Barry Rudd's "Stock Patterns for Day Trading" US -- is packed with charts and is a how to book --- some is applicable here.

If you use CFDs, they will provide the "live charting platform" -- but no market depth.

Interesting site --"swing-trader-stocks.com" -- worth digging around in.

Contrary to what most authors say "wait till the market settles --any thing from 10 min to 1 hr" -- I have found that IF you got the day's movement right, you have to open a position as soon as possible.  --- it can be all over by 10.30 /11.00 --- if caught in a range, you can usually bail out at lunch otherwise 3.30 to 4.00.

But in the Oz market I feel you have to develop your own method/plan.
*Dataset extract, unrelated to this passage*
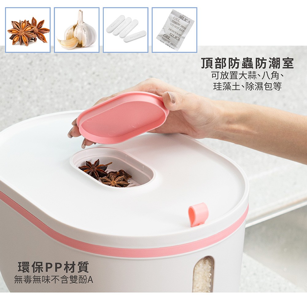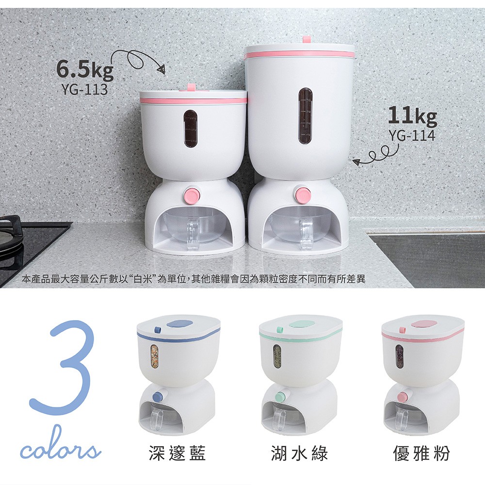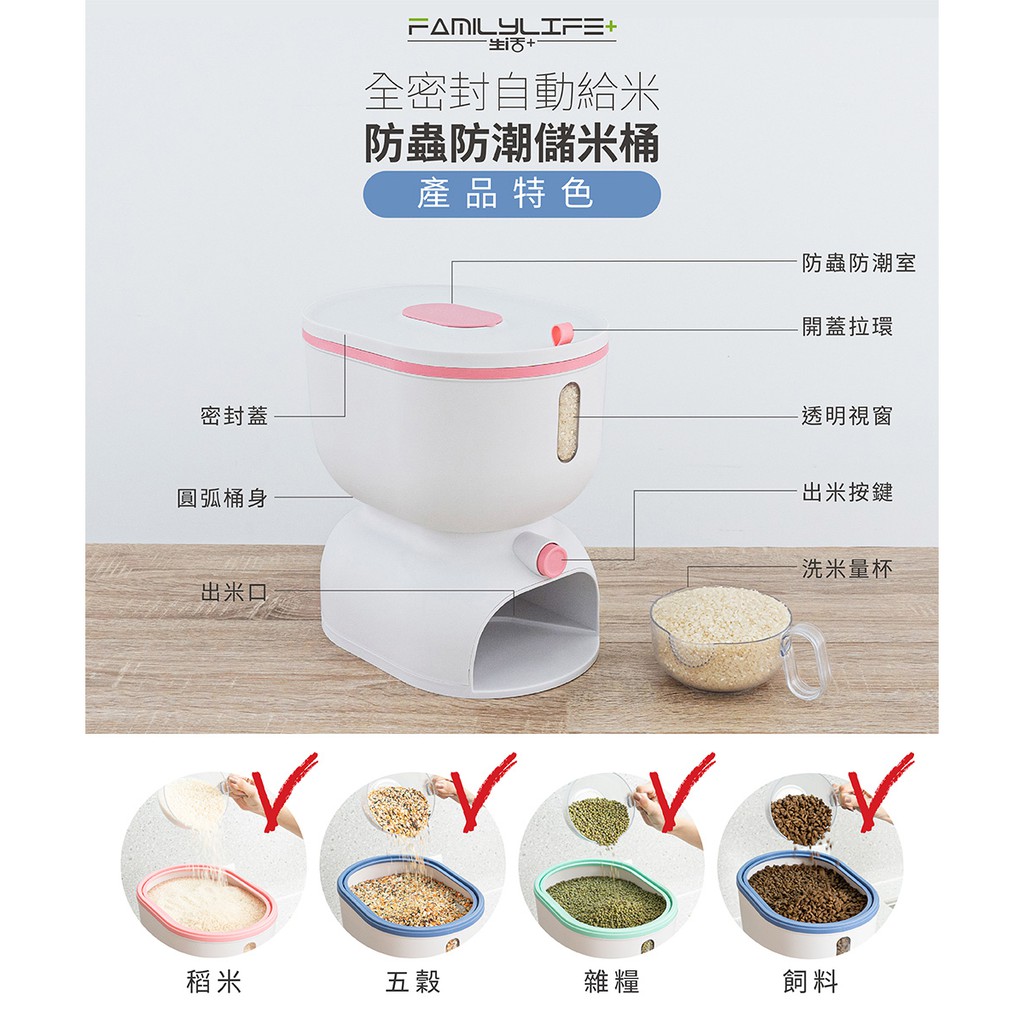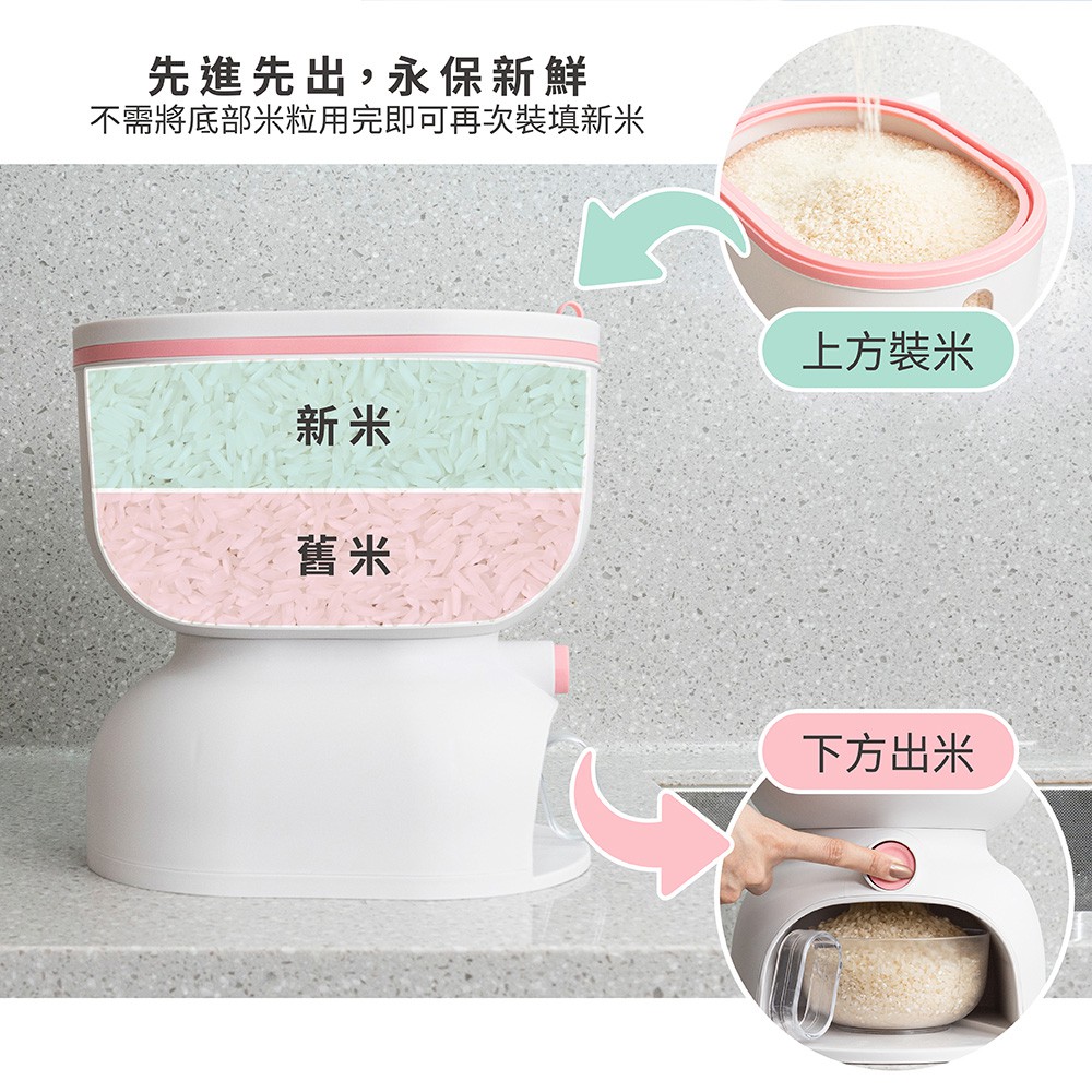 【FL生活+】全密封自動給米防蟲防潮儲米桶 防潮儲米桶 防潮米桶 防蟲米桶 飼料桶 兩種尺寸 6公斤 11公斤11公斤-優雅粉(超取限1入)|11公斤-湖水綠(超取限1入)Food StorageFL生活+ 官方直營旗艦店

We simply do not have the ongoing volume and range.


Cheers


----------



## vicb (18 January 2007)

Thanks for the info Coyotte.
Will check out the site.
I am trying to change my trading pattern from long/medium trades to short trades.
I do not have live feed at the moment and it is something which I will need.
I use etrade at the moment.
Thanks


----------



## bingk6 (18 January 2007)

vicb said:
			
		

> I do not have live feed at the moment and it is something which I will need.
> I use etrade at the moment.
> Thanks




Etrade does provide 20min delay intraday data (down to 1min intervals) and its free. You can access it via interactive charts. Should be sufficient for all but the most professional traders.


----------



## coyotte (18 January 2007)

If you're simply talking about shorter term trading, then thats a different kettle of fish.

3-10 days is far more suitable for the Aussie market.

Guppy's cd set "Precision Pattern Trading"

Most of Guppy's material is slanted towards the short term.

Guppy's  "Trend Trading"  would be the longest at 1 month.

You don't need a live feed though as Guppys entries and exits are based on the close -- or in the case of target trading a premarket order for buy/sell at predetermined prices.


Cheers


----------